Requirements:
Immuta permission GOVERNANCE
Registered Snowflake, Databricks, Redshift, or Starburst (Trino) data sources
This how-to guide is for enabling sensitive data discovery (SDD) for the first time. For additional information on sensitive data discovery, see the Data discovery page.
Navigate to the App Settings page and scroll to the Sensitive Data Discovery section.
Select the Enable Sensitive Data Discovery (SDD) checkbox to enable SDD.
Click Save and then click Confirm to apply your changes. Note that the Immuta tenant will have a system restart.
Once SDD is enabled on your tenant, SDD will automatically run when new data sources are added, but it must be manually run for all existing data sources. This allows you to test out SDD with a select few data sources without worrying that it will add tags throughout all your data sources.
For this step, you will pick the identifiers to match the data that matters to your organization. For example, for international data, you may want to enable many different identifiers for many countries, like the "Australia Passport" identifier and the "Finland National ID Number" identifier. However, if you are dealing with United States domestic financial data, those identifiers would be irrelevant. In that case, it would be better to identify the data likely to appear, like Bitcoin or US Bank Routing MICR.
First, create an empty framework,
Navigate to Discover and Identification.
Select Create New.
Enter a Name and Description for your new identification framework.
Select Create empty framework.
Then, add a new identifier to that framework,
Navigate to Discover and Identifiers.
Use the checkboxes to select all the identifiers relevant to your data. Tip: From the overview page you can see the name and the tags that will be applied by the identifier. To better understand the data it will match, click the name to read the description.
Once you have checked the identifiers you want in your framework, click Add to Framework.
Type the framework name in the text box.
Click Add to Framework.
Once you have created a framework relevant to your data, it is time to test it on your data and customize it. Run identification on a select number of data sources where you understand the data to assess and adjust the tags to reflect what you expect to see.
Add those select data sources to your new framework,
Navigate to Discover and Identification.
Click your new framework name.
Navigate to the Data Sources tab.
Click Add Data Sources.
Check the checkboxes for the select data sources you want to try SDD on.
Click Add Data Source(s).
Then, run identification on those data sources,
Navigate to Discover and Identification.
Click the action menu for your new framework.
Click Run Identification.
After identification runs, you will receive a notification that the job is complete.
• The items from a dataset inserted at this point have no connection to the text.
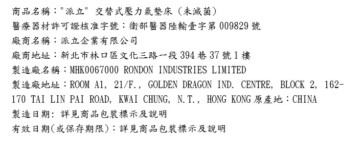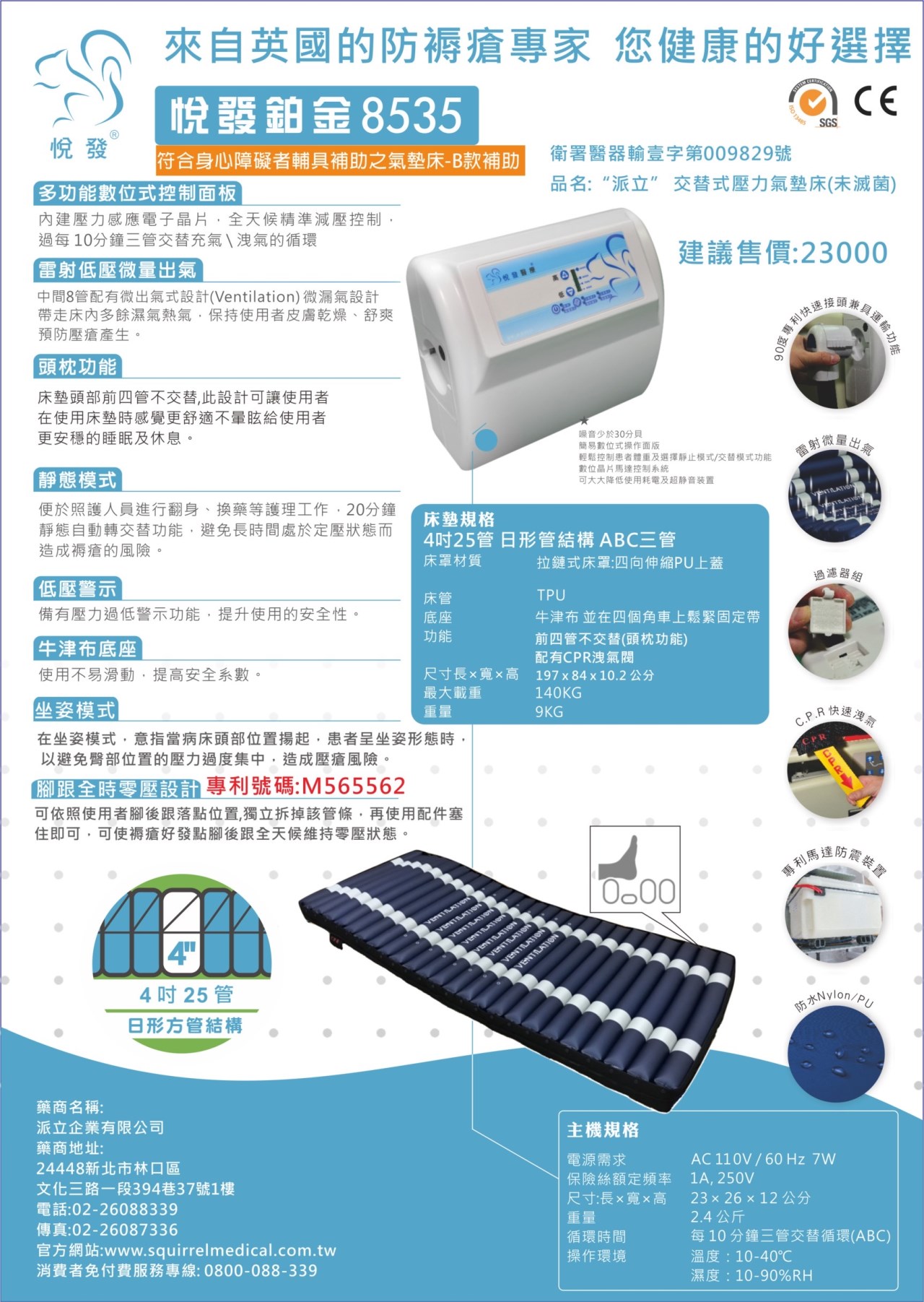 ●多功能數位式控制面板 ●有交替模式及靜態治療模式 ●防潑水、透溼的材質。並通過肌膚敏感性測試 ●可達到預防褥瘡,減壓的效果
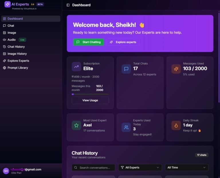 Stay in control with a sleek, intuitive dashboard that gives you instant insight into everything — from your active chats and message usage to your top-performing Experts.
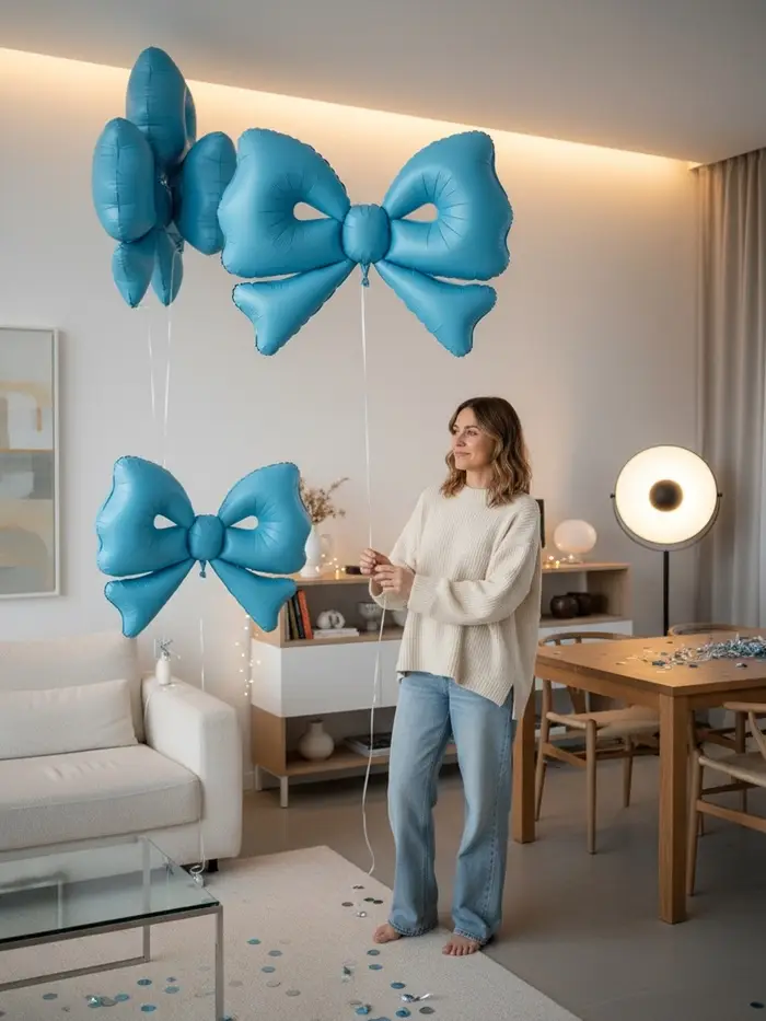 Воздушный шар фольгированный 50" "Бант" цвет голубой матовый
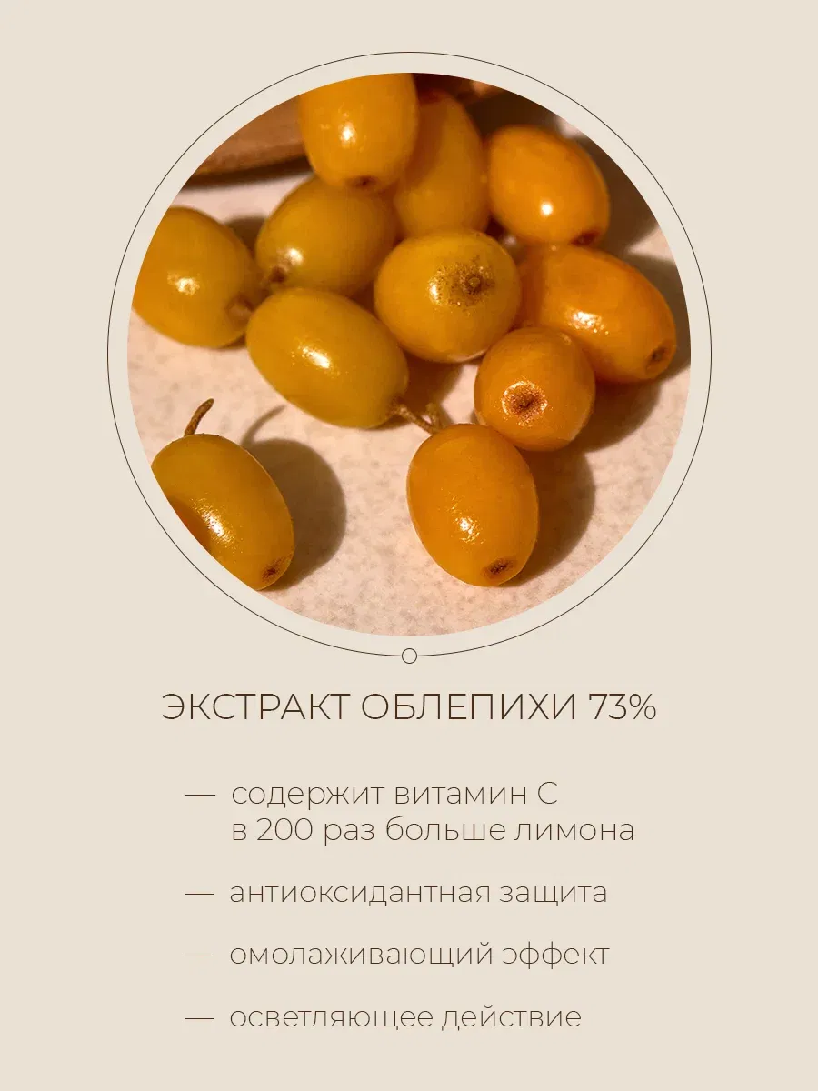 Формула основана на 73% экстракте облепихи и содержит масло облепихи (100 ppm) — эти компоненты отличаются высокой концентрацией витамина C. Экстракт облепихи деликатно осветляет пигментацию, тонизирует и защищает от оксидативного стресса.
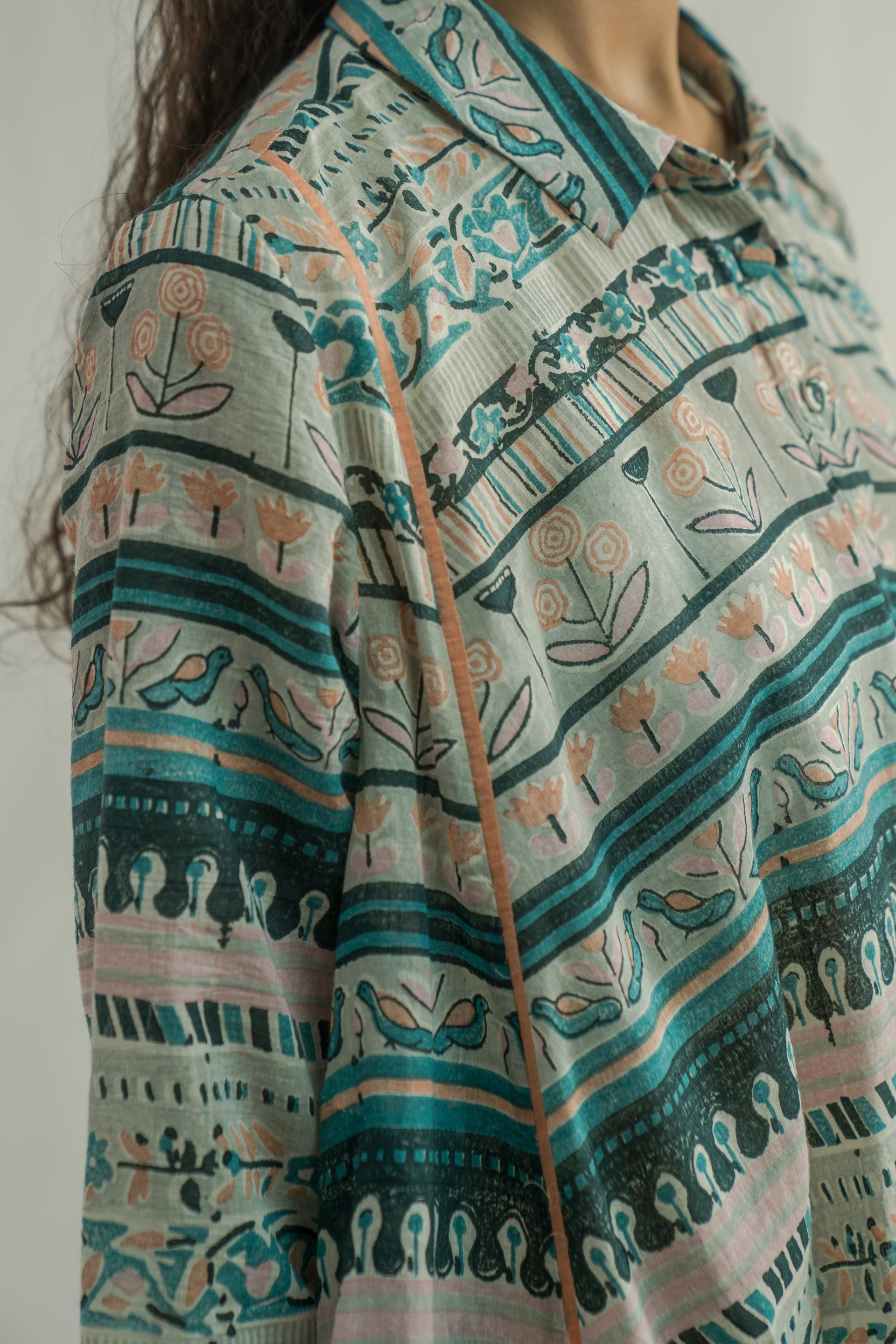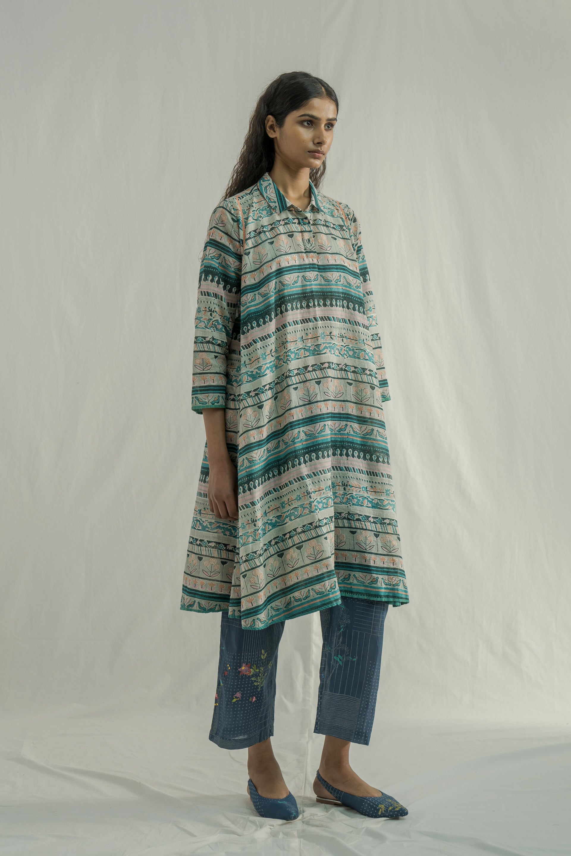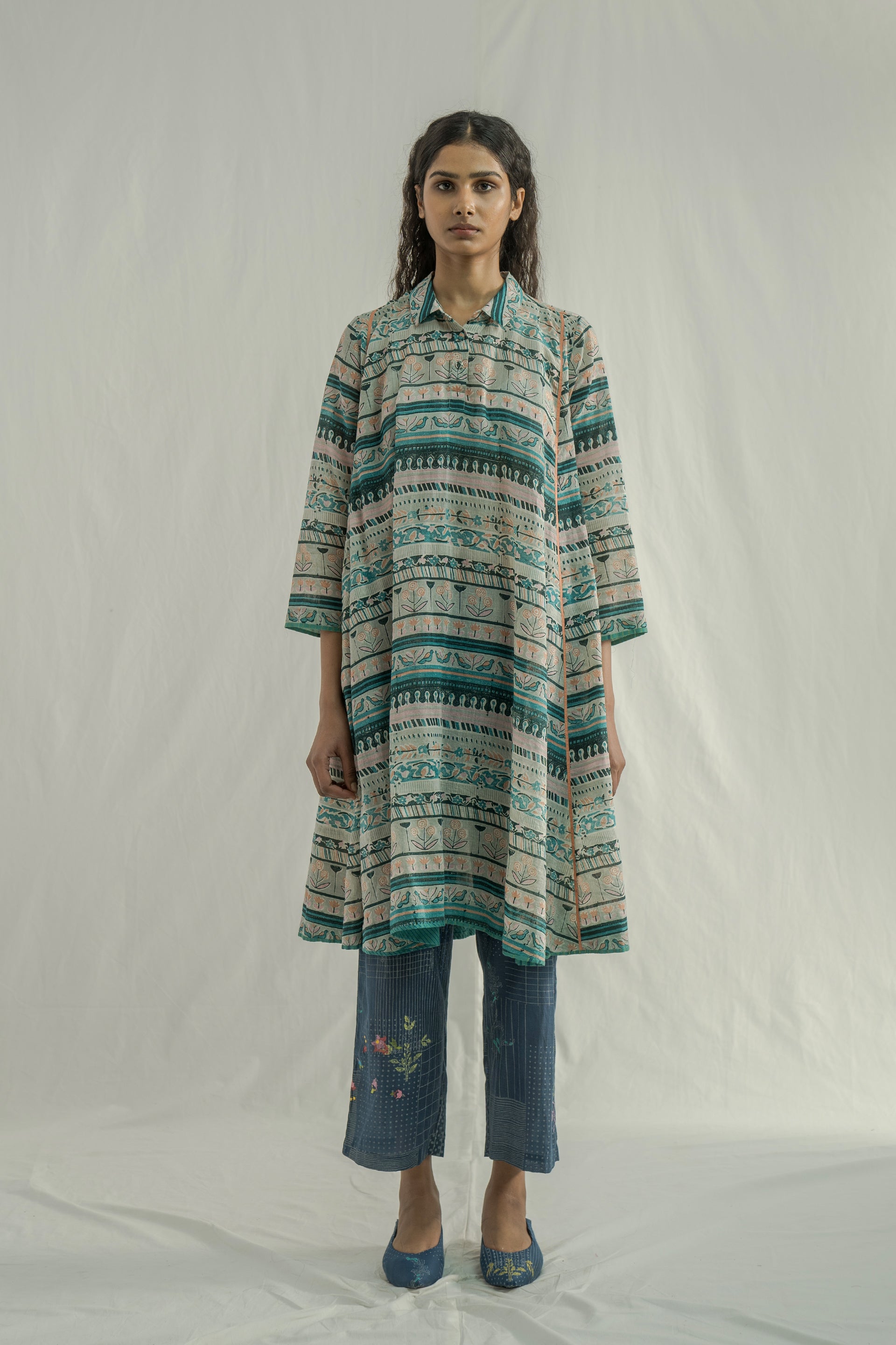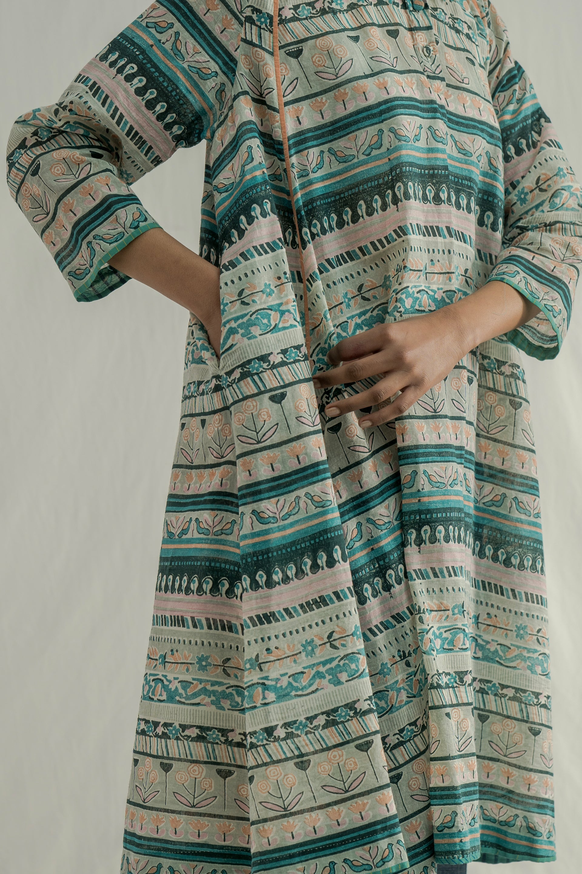 A semi-fitted, panelled flare midi-length dress with a front placket and collar, crafted in a vibrant multicolor all-over panel handblock print. The design features 17 distinct handblocks carefully combined to form a unique, panelled pattern. Finished with contrast color binding along the seams.
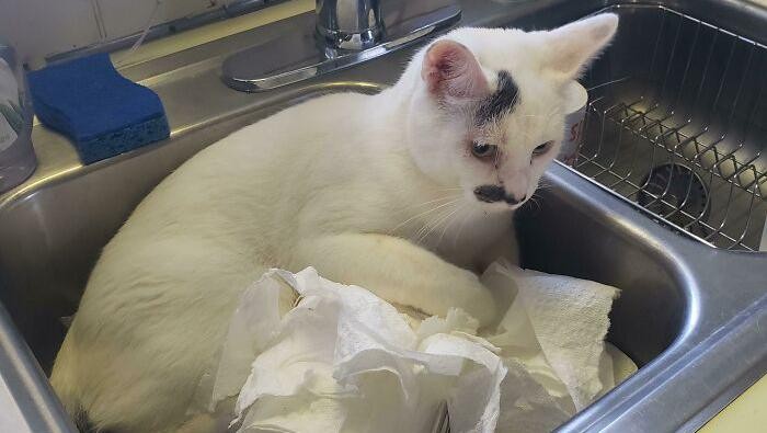 Si empus anteng banget acak-acak tisu di wastafel. (Saintphoenixxx/Bored Panda)
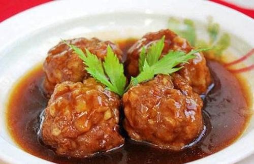 9.最后捞出丸子,用1汤匙淀粉加1汤匙的清水,勾芡淋在丸子表面即可
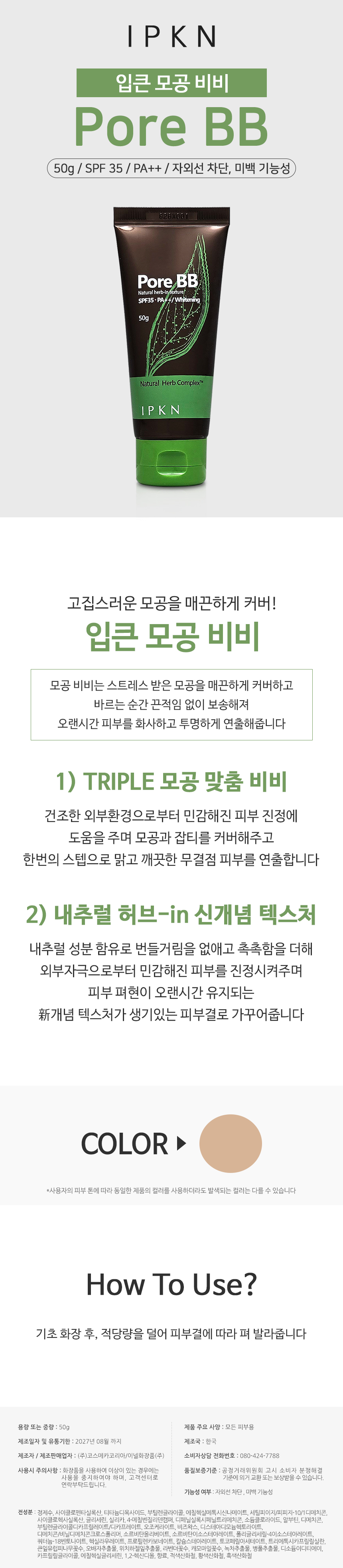 Large Pore BB Cream 50g / 입큰 모공 비비 50g
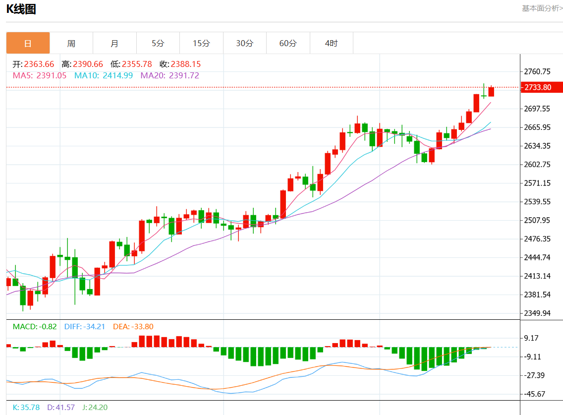周一早盘,黄金价格继续高开高走,目前已到达2729美元/盎司附近,连续创出新的历史高点,走势偏强。受地缘局势紧张,美国大选的不确定性,以及美联储降息的货币政策影响,给黄金带来支撑,促使价格上行创历史。 中东的地缘政治仍在发酵,以色列及其敌人哈马斯和真主党承诺继续在加沙和黎巴嫩交战,这使人们对以色列击毙
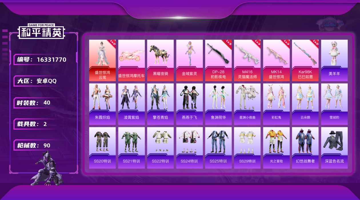 [16331770]安卓 手Q-1神装-1粉装-4特效枪-2载具-2粉色飞行器-26140热力值-4王牌印记-40套装-90枪皮 【红色神装等级】:盛世惊鸿-云鸾(二级) 【红色角色神装】:盛世惊鸿-云鸾 【粉色套装】:角色-金域紫灵 【粉色枪皮等级】:M416-灵猫魔法师(三级),Kar98K-巳巳如意(二级),Mk14-盛世惊鸿(三级),DP-28-豹影疾电(五级) 【粉色载具】:盛世惊鸿摩托车,黑曜夜骑 【粉色枪皮】:M416-灵猫魔法师,Kar98K-巳巳如意,Mk14-盛世惊鸿,DP-28-豹影疾电 【粉色飞行器】:凤舞九天飞行器,灵猫魔法师飞行器 【粉色降落伞】:洛神天依降落伞,千金淑猫降落伞,盛世惊鸿降落伞,荧海星豚降落伞,灵猫魔法师降落伞,绯穹魔姬降落伞,异瞳寒姬降落伞 【稀有套装】:套装-燕燕于飞,套装-鱼渊荷华,套装-星渊小夜曲,套装-彩虹兔,套装-云朵鹅,套装-雪绒豹,套装-朱霞炽焰,套装-凌霄紫焰,套装-擎苍青焰,玩偶服-美羊羊 【稀有枪皮】:AKM-破晓战魂,AKM-灵猫魔法师,M16A4-幻世战舞者,SCAR-L-炫彩节奏,SCAR-L-红色方程式,M416-绯红前夜,M416-蓝色火焰,AUG-天降萌叽,AUG-耀粉歌者,M762-天降萌叽,M762-绯红前夜,M762-云朵鹅,AC-VAL-天降萌叽,蜜獾-天降萌叽,蜜獾-绯穹魔姬,Famas-桃粉嫣然,ARX-凌霄紫焰,UZI-红色方程式,UZI-盛世惊鸿,UMP45-生命誓言,UMP45-蓝色火焰,Vector-彩虹符号,汤姆逊-灵猫魔法师,JS9-凌霄紫焰,Kar98K-红色方程式,M24-炫彩节奏,AWM-盛世惊鸿,Mini14-炫彩节奏,Mini14-耀粉歌者,Mini14-绯穹魔姬,MK20-H-樱桃泡泡,SVD-云朵鹅,S1897-炫彩节奏,S12K-玩趣呆呆,S12K-幻世战舞者,SPAS-12-云朵鹅,M249-糯团青竹,MG3-幻世战舞者,MG3-桃粉嫣然,MG-36-凌霄紫焰,P92-凌霄紫焰,沙漠之鹰-云朵鹅,大砍刀-云朵鹅,大砍刀-盛世惊鸿,撬棍-灵猫魔法师,平底锅-凌霄紫焰 【其他套装】:套装-SS20特训,套装-SS21特训,套装-SS22特训,套装-SS24特训,套装-SS25特训,套装-SS29特训,套装-光之冒险,套装-幻世战舞者,套装-深蓝色名流,套装-猎鹰,套装-
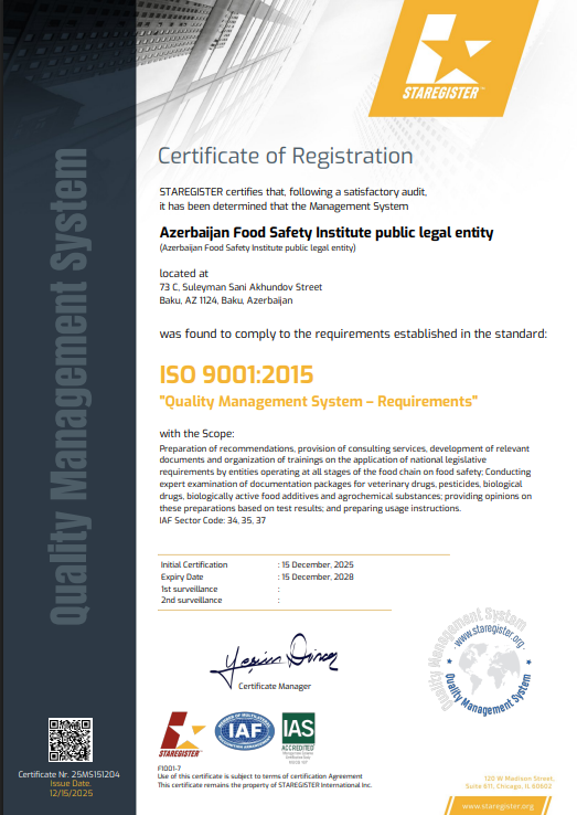 Azərbaycan Qida Təhlükəsizliyi İnstitutu (AQTİ) ISO beynəlxalq standartlarına uyğun sertifikatlaşdırılıb. Keçirilmiş auditin nəticələrinə əsasən institut ISO 9001:2015 “Keyfiyyət İdarəetmə Sistemi. Tələbləri” standartına uyğunluq sertifikatı alıb.
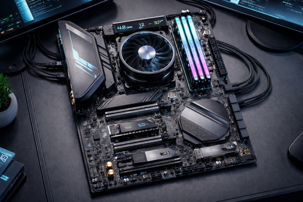 The motherboard is at the base of the system which in turn connects all hardware elements and makes their communication smooth. Also it is the element which determines what components will plug in and how they interact.

Then, you can view the results from the data source dictionary.
Navigate to the data source overview page of the data source you added to the framework.
Click the Data Dictionary tab.
Assess whether the Discovered tags are applied as expected.
If you are happy with the Discovered tags, follow the Assign data sources to frameworks guide to add the rest of your data sources to the framework and follow the Run identification guide to run identification on all your data sources.
If you want additional tags, follow the Create an identifier guide to create identifiers that matter to your data.